Personal information
- Full name: Shaun Walliss
- Born: 8 February 1972 (age 54)

Playing information
- Position: Second-row, Prop
Club
| Years | Team | Pld | T | G | FG | P |
| 1993 | Illawarra Steelers | 5 | 0 | 0 | 0 | 0 |
| 1995–96 | South Sydney | 7 | 0 | 0 | 0 | 0 |
| 1997 | Western Suburbs | 1 | 0 | 0 | 0 | 0 |
|  | Total | 13 | 0 | 0 | 0 | 0 |
- Source: As of 21 December 2022

= Shaun Walliss =

Australian rugby league footballer

Shaun Walliss is an Australian former professional rugby league footballer who played in the 1990s.

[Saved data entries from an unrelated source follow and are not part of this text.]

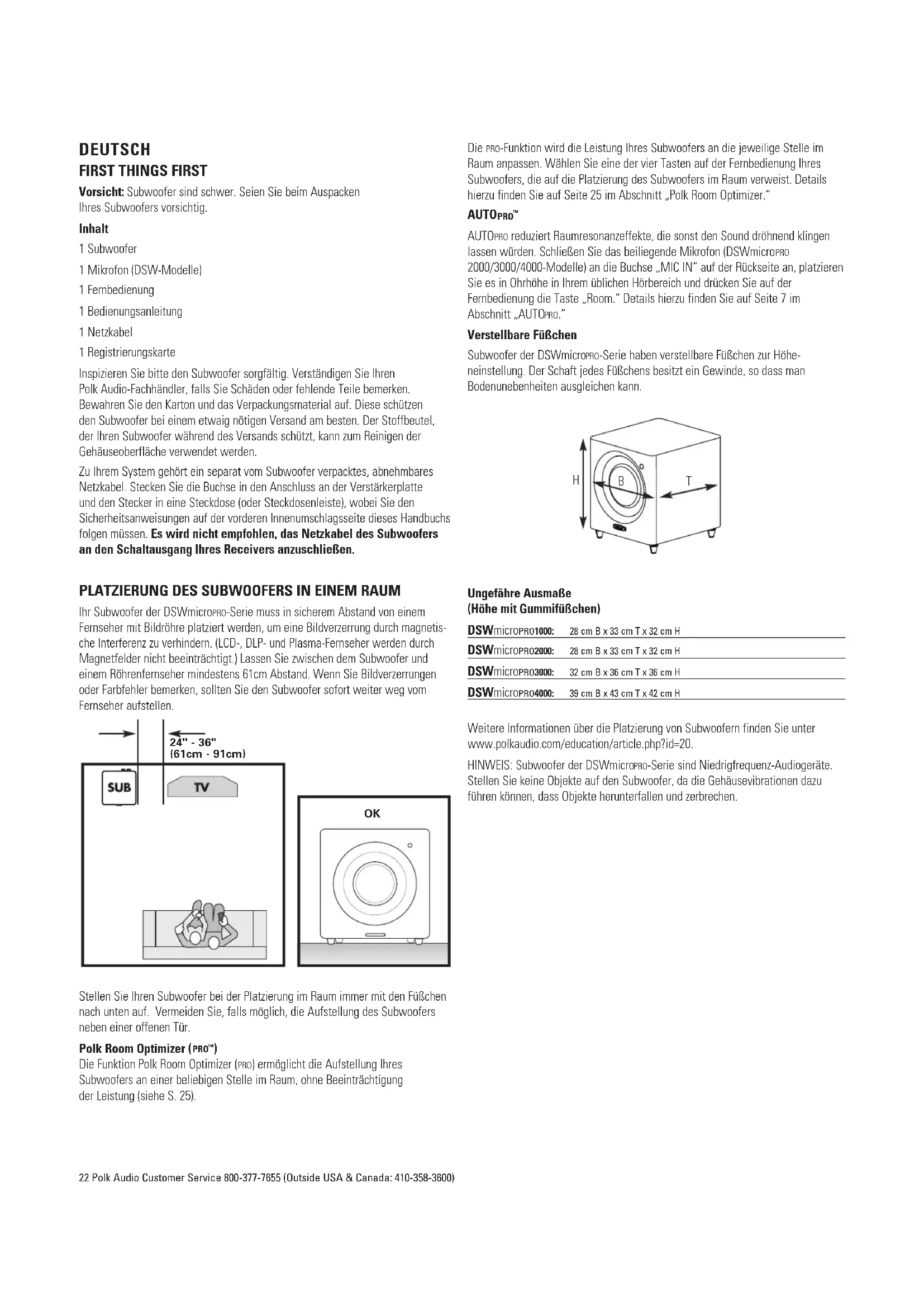 Ihr Subwoofer der DSWmicroPRO-Serie muss in sicherem Abstand von einem Fernseher mit Bildröhre platziert werden, um eine Bildverzerrung durch magnetis- che Interferenz zu verhindern. (LCD-, DLP- und Plasma-Fernseher werden durch Magnetfelder nicht beeinträchtigt.) Lassen Sie zwischen dem Subwoofer und einem Röhrenfernseher mindestens 61cm Abstand. Wenn Sie Bildverzerrungen oder Farbfehler bemerken, sollten Sie den Subwoofer sofort weiter weg vom Fernseher aufstellen. Stellen Sie Ihren Subwoofer bei der Platzierung im Raum immer mit den Füßchen nach unten auf. Vermeiden Sie, falls möglich, die Aufstellung des Subwoofers neben einer offenen Tür. Polk Room Optimizer ( PRO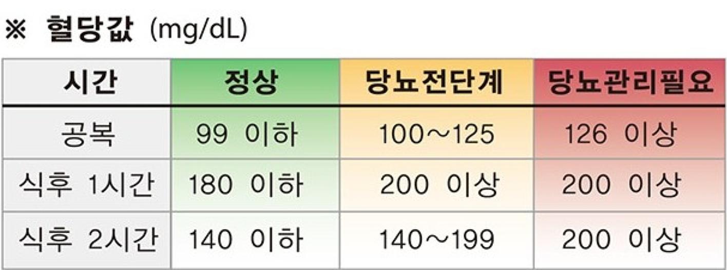 당뇨수치 기준표를 보면, 정상 혈당이 한눈에 확인됩니다. 위 표는 한국당뇨병협회의 당뇨병에 대한 기준이 되는 표라고 할 수 있습니다. 이에 따라 당뇨수치 기준이 확인될 수 있습니다. 혈당이 정상이라면, 공복 혈당은 100mg/dl이하로 나와야 합니다. 식사 후 1시간에는 180mg/dl 미만으로 나와야 합니다.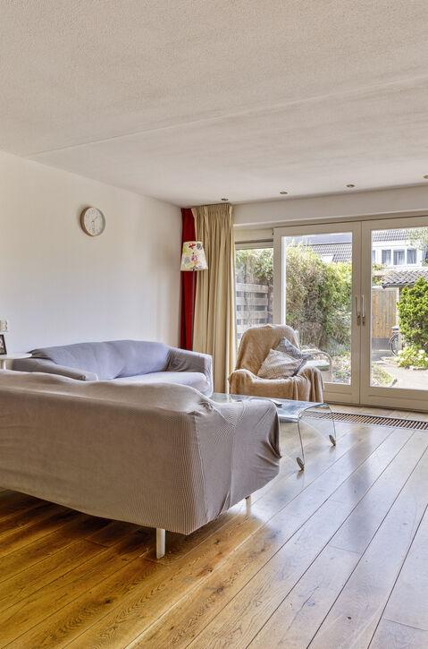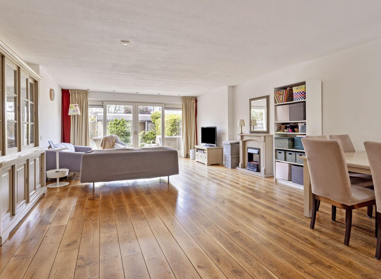 De eikenhouten vloer in de woonkamer straalt warmte en karakter uit, terwijl de grote schuifpui naar de tuin een overvloed aan natuurlijk licht binnenlaat.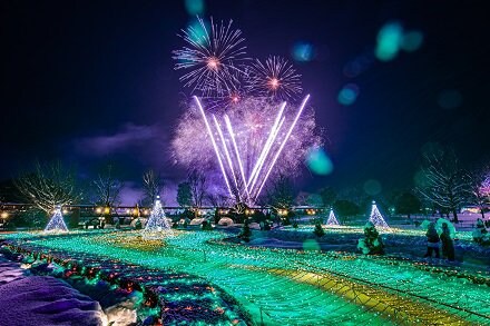 日本最大級のフラワーパークを舞台に100万級の光がきらめくイルミネーションに合わせて、今年も冬の花火が空を彩ります!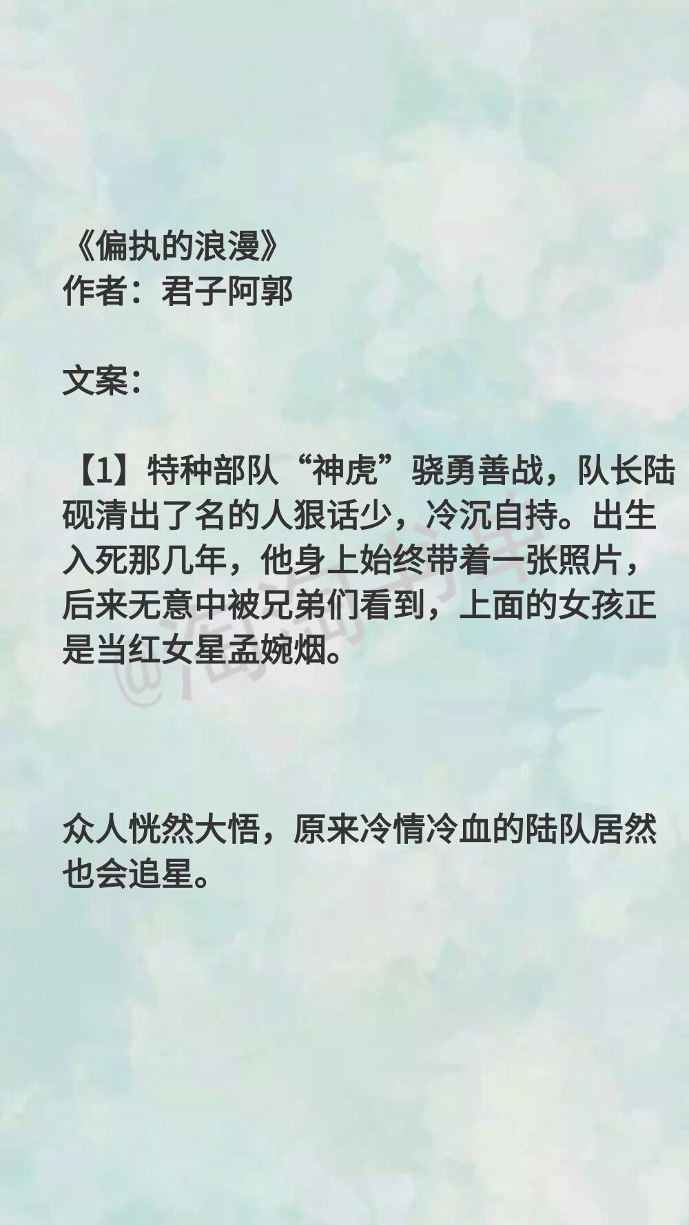 男主是军人,女主是演员,有虐点,但是还好。两个人都很专一,有涉及网络暴力,甜文,总体还是中规中矩 。

He played for Western Suburbs, the Illawarra Steelers and South Sydney in the NSWRL/ARL competition.

==Playing career==
Walliss made his first grade debut for Illawarra in round 17 of the 1993 NSWRL season against the Gold Coast Seagulls. Walliss came off the interchange bench in a 26-0 victory at WIN Stadium. In 1995, Walliss joined South Sydney. He played two seasons with Souths before switching to Western Suburbs ahead of the 1997 ARL season. Walliss played one match for Western Suburbs which was in round 1 of the 1997 season against the Gold Coast Chargers.